Background: Maturity Onset Diabetes of the Young (MODY) is a monogenic type of diabetes caused by a single gene mutation. Up to date 14 different MODY subtypes have been identified. Mutations in the glucokinase (MODY 3) and hepatic nuclear factor 1 alpha (HNF1A) (MODY 2) are the most frequent causes of MODY in all populations studied. Patients with MODY are misdiagnosed with type 1 or type 2 diabetes. Identifying patients with MODY is important as it affects treatment, for example, MODY 2 patients need no treatment, whereas those diagnosed with MODY 3 are very sensitive to low doses of sulphonylureas. To date, no data is available on the prevalence of MODY in populations from Africa. Thus, we aimed to investigate and report on the incidence of MODY, specifically mutations in the HNF1A gene in a population from the Western Cape. Methods: In this study, we screened for HNF1A MODY (MODY 3) mutations (rs115080759, rs140491072 rs137853245, and rs142318174) in 1639 (males = 406) individuals using real-time PCR. Positive MODY samples were confirmed by subsequent sequencing.
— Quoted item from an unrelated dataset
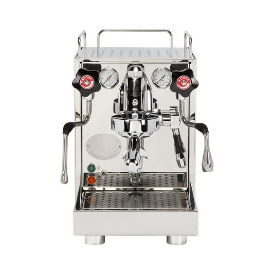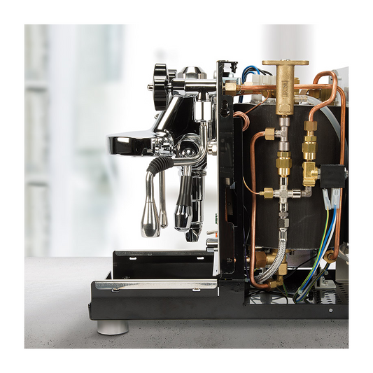Auch die Verarbeitung überzeugt: Edelstahlgehäuse, Wärmetauscher/HX-Boiler und gut ablesbare Manometer. Die markanten roten Drehventile runden das Gesamtbild ab. Ein Bonus: Der hochwertige ECM-Filterhalter und verschiedene Filterkörbe sind serienmäßig im Lieferumfang enthalten.

All individuals underwent an oral glucose tolerance test. Results: The mean age of participants was 47.1±15.6 in males and 49.9±15.1 females. We identified 12 (0.73%) individuals with HNF1A gene polymorphisms; 12/1642 of rs115080759. Seven participants with a SNP in rs115080759 presented with normoglycemia, one with prediabetes, and four with diabetes. No polymorphism was detected in three SNPs; rs140491072, rs137853245 and rs142318174. Discussion and conclusion: To our knowledge, this is the first African study on MODY, and the incidence is similar to that reported in other studies. The results suggest that MODY is misdiagnosed with other types of diabetes in Africa; therefore, our findings support the introduction of diagnostic genetic testing for MODY in South Africa.